Dans l’usine de verres photovoltaïques de Tschernitz, à l’est de l’Allemagne, le vacarme des machines ne couvre pas les inquiétudes sur l’avenir de la production si le robinet du gaz russe venait à être coupé, à cause de la guerre en Ukraine. À l’intérieur du hangar coiffé d’une cheminée blanche, des bras mécaniques s’activent pour mettre en forme des plaques de verre destinées aux producteurs de panneaux solaires.
« Nous fournissons tous les grands fabricants en Europe », explique Torsten Schroeter, directeur général de la société GMB Glasmanufaktur Brandenburg. Chaque année, 10 millions de mètres carrés de plaques sortent des fours de l’usine qui dégagent une vive lumière rouge et une chaleur intense. Or pour produire ce verre essentiel à l’énergie solaire, il faut…du gaz, beaucoup de gaz. Grâce aux pipelines reliant la Russie à l’Allemagne, la ressource est disponible en abondance. Mais pour combien de temps ?

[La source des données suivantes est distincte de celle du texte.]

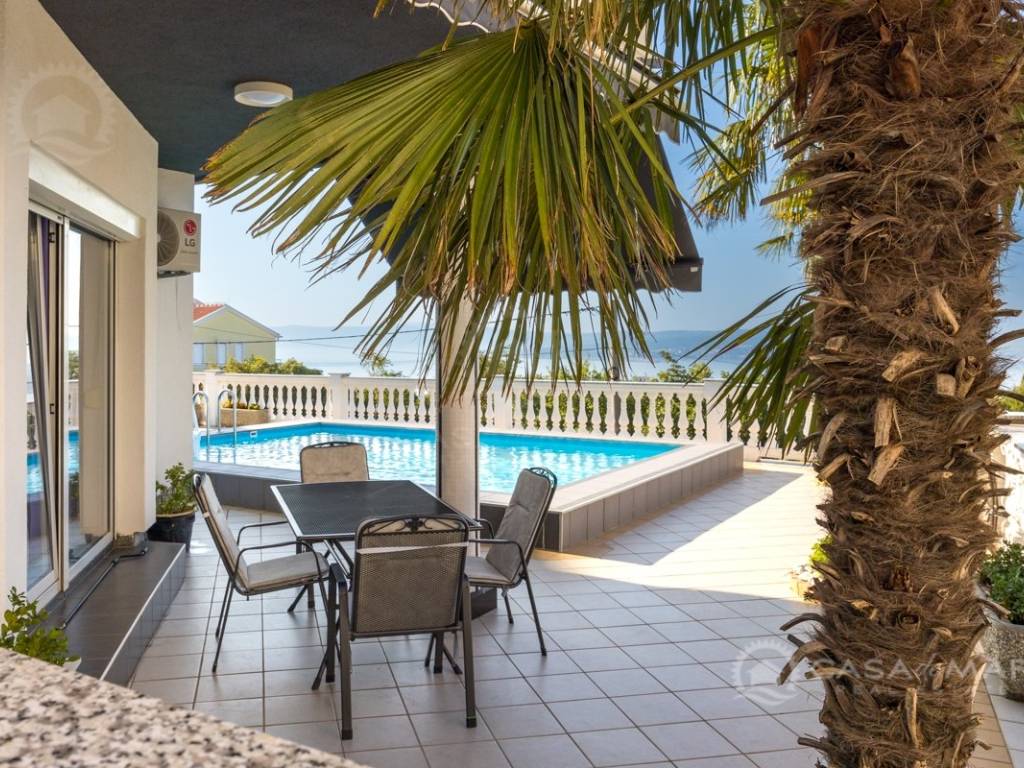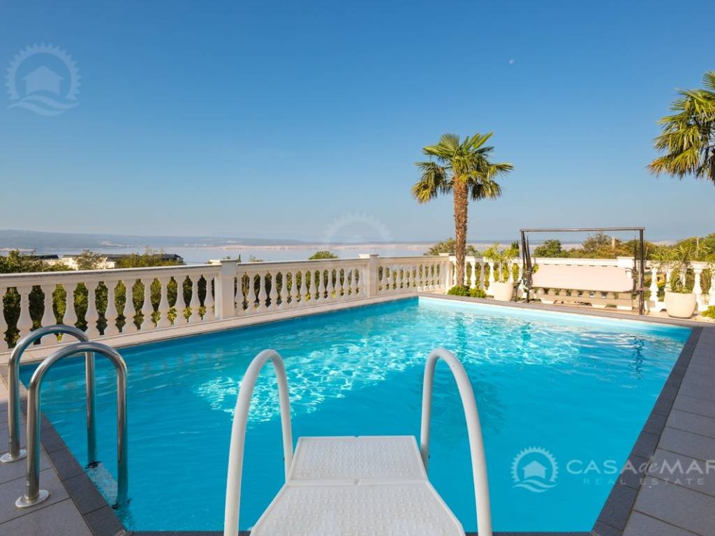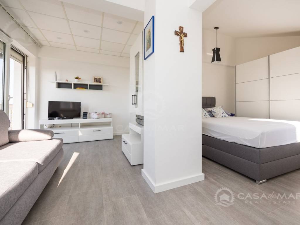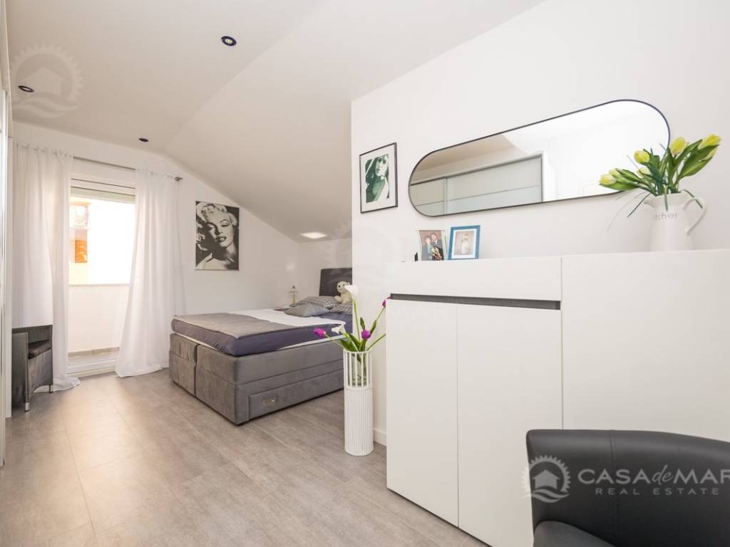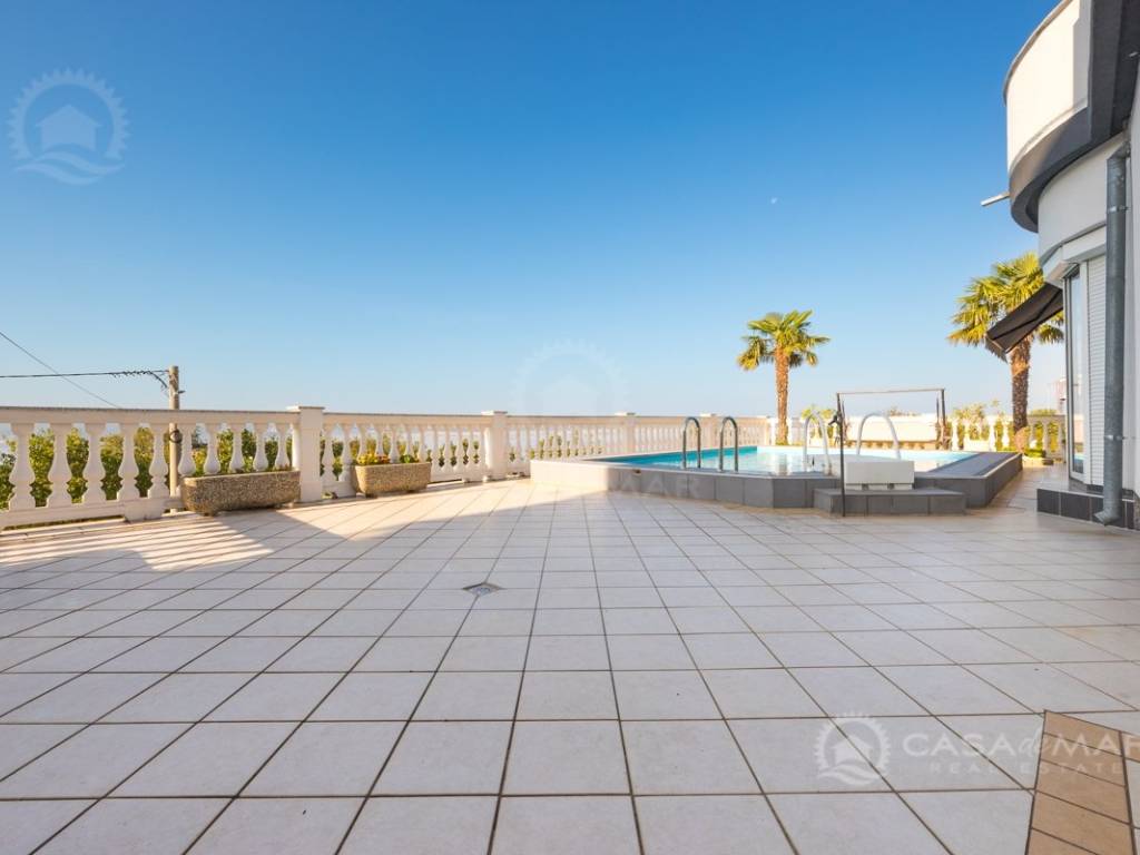The entire house is very nicely designed and is adorned with a view of the sea from practically every room. The internal stairs lead to the first floor where there are two bedrooms with access to balconies, two bathrooms, a small living room and a spacious hallway and gallery.

L’Allemagne fait face à une pression croissante de ses alliés pour approuver un embargo sur le gaz russe dont les exportations financent la guerre de Moscou contre Kiev. Le gouvernement du social-démocrate Olaf Scholz, allié aux écologistes et aux libéraux, soutient qu’un arrêt brutal des livraisons serait dévastateur pour l’économie du pays, avec des répercussions dans l’ensemble de l’UE.
« Pas d’alternative »
Mais même en Allemagne, ce refus fait débat au sein de la classe politique et parmi les experts dont certains jugent que la première puissance européenne serait en mesure d’encaisser ce choc. Dans le camp de ceux pour qui la vie sans gaz russe est inimaginable à court terme, les industriels sont en première ligne.
« Un arrêt de l’approvisionnement en gaz russe signifierait pour nous un arrêt de la production », résume le patron de GMB, qui emploie 300 salariés. L’arrêt des flux de gaz impliquerait de stopper les fours, causant des dommages irréversibles.
Cela obligera l’entreprise à « tout reconstruire », ce qui pourrait prendre plusieurs mois, voire des années, selon M. Schroeter. Car « il n’y a pas d’alternative » au gaz russe, déplore-t-il.
L’utilisation de charbon ou pétrole, n’est pas adaptée. Quant à l’électricité, l’entreprise a déjà investi dans un système hybride, permettant un chauffage électrique partiel dans ses fours, mais cela ne répond qu’à « 10% » de ses besoins. L’hydrogène pourrait remplacer le gaz naturel, mais son développement n’est pas encore suffisamment avancé en Allemagne.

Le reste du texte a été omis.